# Motion problem

1. Sep 13, 2007

### faoltaem

I have a problem from a practice physics exam:
The specifications for design of a playgroud slide say that a child should gain a speed of no more than 15m/s by sliding down the eqipment. How tall can the slide be?

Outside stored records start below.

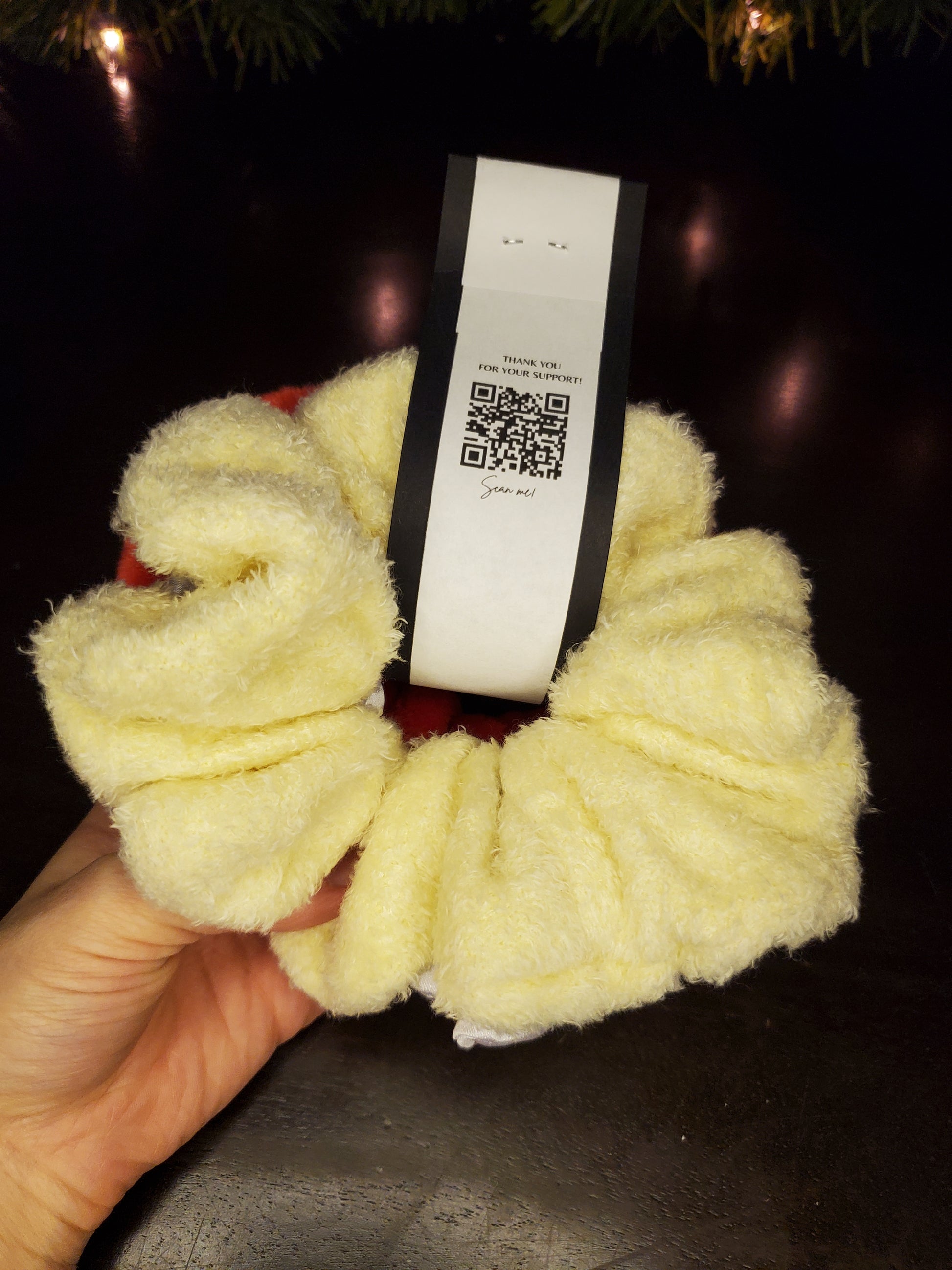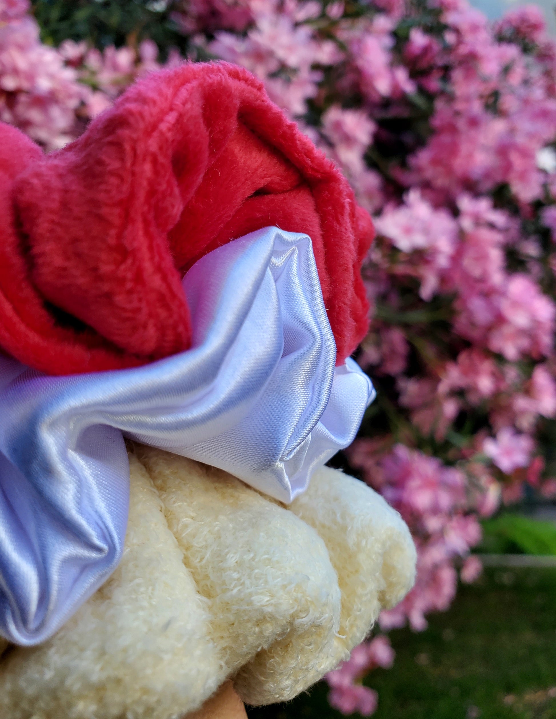 The red strawberry scrunchie is a soft and minky fabric with imprinted dots for texture. The white whipped cream scrunchie is a lovely satin. The cake scrunchie is a soft fluffy knit, much softer than it appears.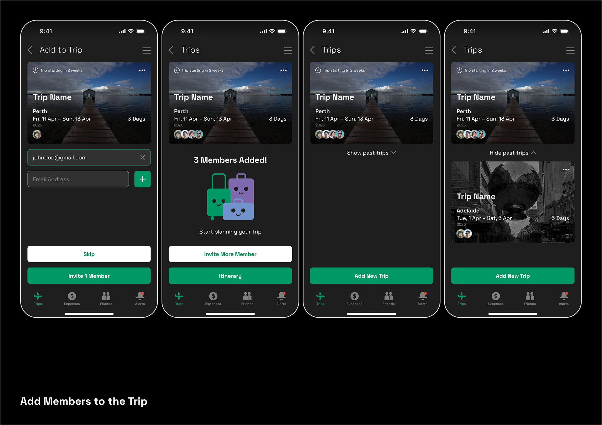 Thrivel takes care of all the pain of planning a trip, so that users can focus on what’s important—enjoying their trip. The name Thrivel is derived from Thrift / Thrive + Travel. The logo is inspired by pie-chart (expenses) and map (travel), with a letter ‘T’ in its negative space.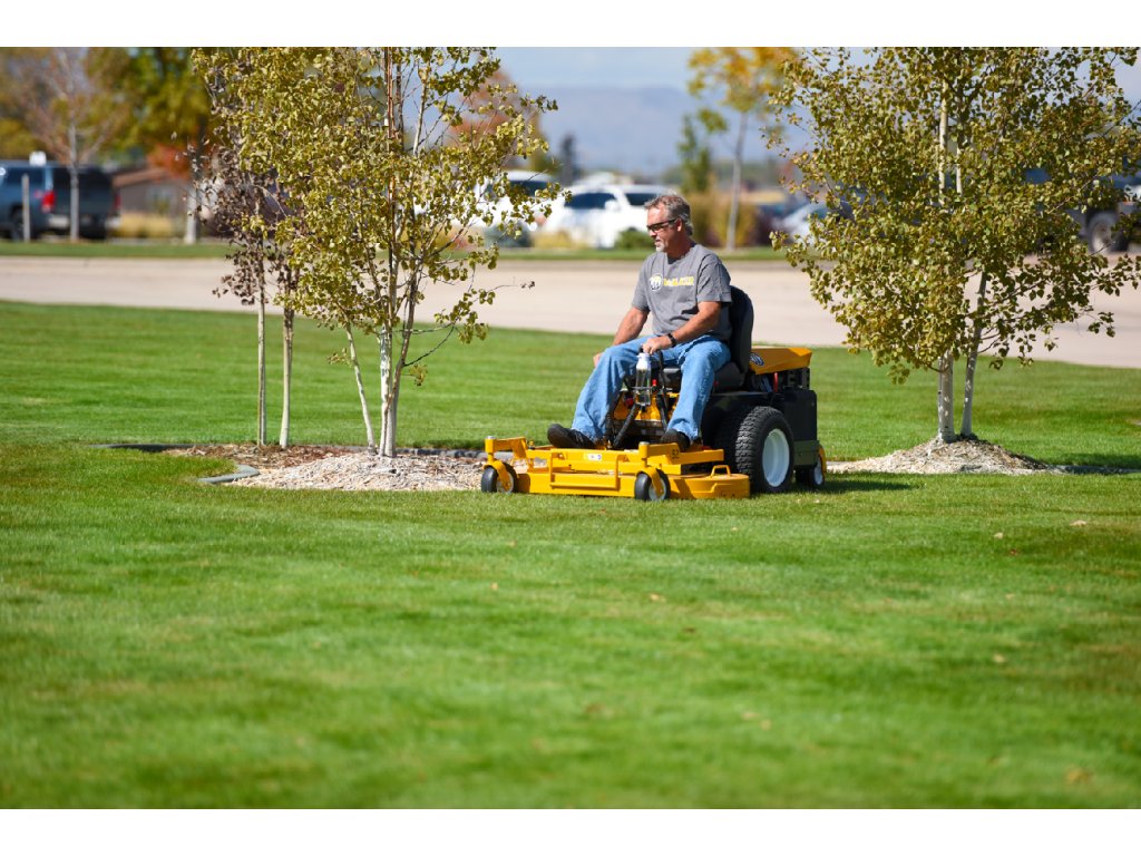 Walker T27i s hlavou DC52, rozměry: Š 134,6 cm, D 241,3 cm versus stroj Z Master s lištou 52” rozměry: Š 172,7 cm, délka 259 cm.
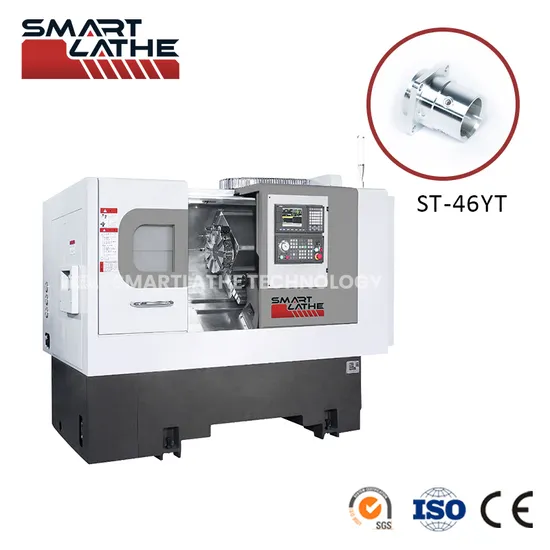ST-46YT is equipped with a CNC program-controlled hydraulic tailstock, a 12-station power turret, a power milling head that can be installed at the upper or bottom position of the Y-axis (turret), high rigidity cutting, suitable for long-axis turning, milling, Processing of complex multi-process products such as drilling and tapping.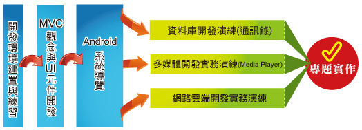 Android 雲端應用程式開發課程以業界需求的 Java 技術為主,完全不具程式設計基礎開始,由淺入深且實務操作的方式,逐步將學員培養成為能夠獨立自行開發 Java 與 Android 雲端應用程式。並且透過 Java 跨平台特性,讓你具備 Android 雲端應用程式的開發能力。課程的階段性銜接脈絡清晰、循序漸進,有助於學員完整吸收課程精華,快速進入 Java 與 Android 雲端應用程式開發領域並擁有專業的就業競爭力。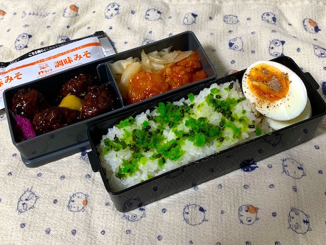 メインは肉団子甘酢(60円半額)とエビチリ(60円半額)。少量パックはホンマに捗る。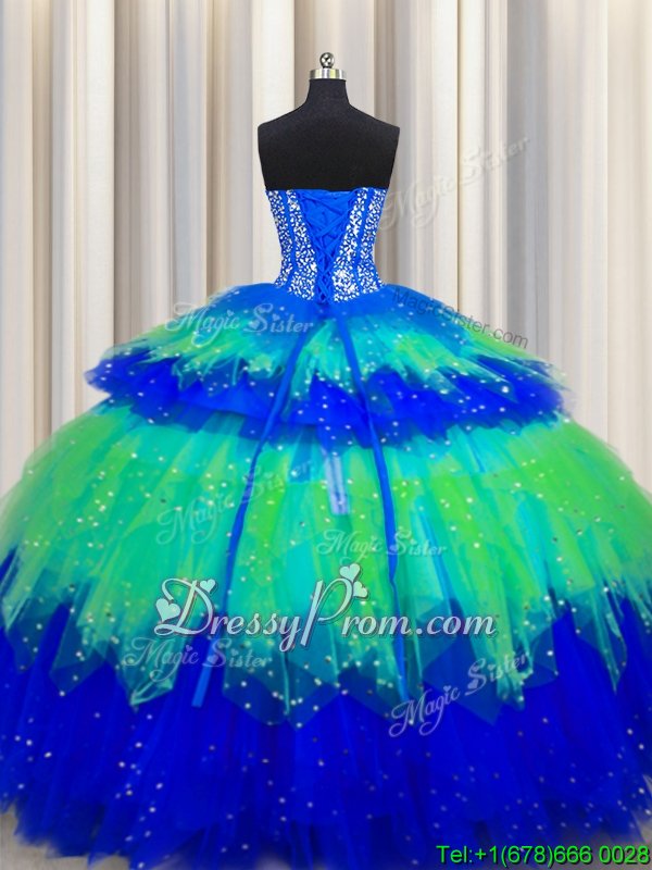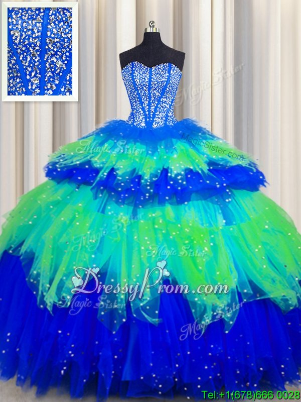 Ideal Floor Length Multi-color Quinceanera Gowns Tulle Sleeveless Spring and Summer and Fall and Winter Beading and Ruffles and Ruffled Layers and Sequins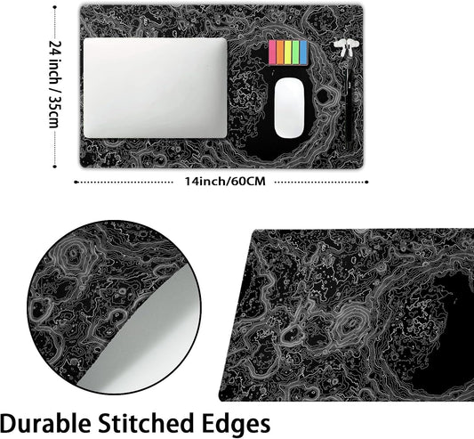 Black Whtie Topographic Gaming Mouse Pad XL Topo Moon Relief Map Extended Large Mat Mousepad Desk Pad Non-Slip Rubber Base Stitched Edge Long Keyboard Playmat for Desk Computer,24x14 Inch
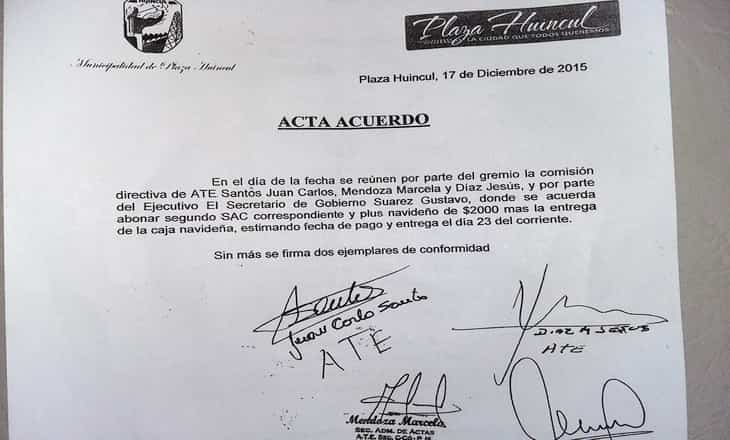 En las redes sociales figura un acta firmada entre el representante de ATE, Carlos Santos junto a Jesús Díaz, el secretario de Gobierno, Gustavo Suárez y Marcela Mendoza, pero se trata de un acuerdo firmado en el año 2015, porque hasta el momento no hay una fecha precisa del pago a los empleados municipales.

these are the equations that we'll be given in our exam:
v$$_{x}$$ = v$$_{0x}$$ + a$$_{x}$$t
x = $$\frac{1}{2}$$ (v$$_{0x}$$ + v$$_{x}$$)t
x = v$$_{0x}$$t + $$\frac{1}{2}$$a$$_{x}$$t$$^{2}$$
v$$_{x}$$$$^{2}$$ = v$$_{0x}$$$$^{2}$$ + 2a$$_{x}$$x

although i can work out the answer to the problem i had to look up a new equation because i couldn't work out how to do it with the equations that we were given, so i was wondering if it was possible to do it with one of them, so if you could tell me which one would work the best or if i should just start memorising some new equations, but here's what i did anyway:
v$$_{max}$$ = 15m/s where g = -9.81m/s
v$$_{y}$$$$^{2}$$ = -2g$$\Delta$$y
therefore $$\Delta$$y = $$\frac{v_{y}^{2}}{-2g}$$ = $$\frac{15^{2}}{-9.81\times-2}$$
=11m

Thanks

2. Sep 13, 2007

### proasd

I would work out the energy
gain in kinetic energy = loss in gravitational potential energy
(1/2)(m)(v^2) = (m)(g)(h)
simplifying you get
v^2 = 2(g)h
h = (121)/(2g)

3. Sep 13, 2007

### faoltaem

thanks for that, i didn't even consider energy and those formulae are included too so no memorising

once again thanks a bunch